======== Material to process
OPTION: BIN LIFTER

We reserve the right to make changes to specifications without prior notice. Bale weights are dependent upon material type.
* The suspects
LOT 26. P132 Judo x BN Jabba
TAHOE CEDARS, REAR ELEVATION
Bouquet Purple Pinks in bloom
================
======== Material to process
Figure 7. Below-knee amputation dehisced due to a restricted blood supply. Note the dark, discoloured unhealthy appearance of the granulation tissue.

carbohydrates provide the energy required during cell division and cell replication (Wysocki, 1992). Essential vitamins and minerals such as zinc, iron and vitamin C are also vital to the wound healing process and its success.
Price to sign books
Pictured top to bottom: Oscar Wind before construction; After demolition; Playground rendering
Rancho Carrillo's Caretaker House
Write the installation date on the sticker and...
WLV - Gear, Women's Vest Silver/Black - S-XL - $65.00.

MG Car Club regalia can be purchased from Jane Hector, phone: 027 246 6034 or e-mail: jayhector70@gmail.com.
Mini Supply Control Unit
================
● **Your assignment**
In the entries above, find the line holding "carbohydrates provide the" and the line holding "WLV - Gear, Women's", then retype exactly those two lines and every line between them, and nothing else.

● **Task answer**
carbohydrates provide the energy required during cell division and cell replication (Wysocki, 1992). Essential vitamins and minerals such as zinc, iron and vitamin C are also vital to the wound healing process and its success.
Price to sign books
Pictured top to bottom: Oscar Wind before construction; After demolition; Playground rendering
Rancho Carrillo's Caretaker House
Write the installation date on the sticker and...
WLV - Gear, Women's Vest Silver/Black - S-XL - $65.00.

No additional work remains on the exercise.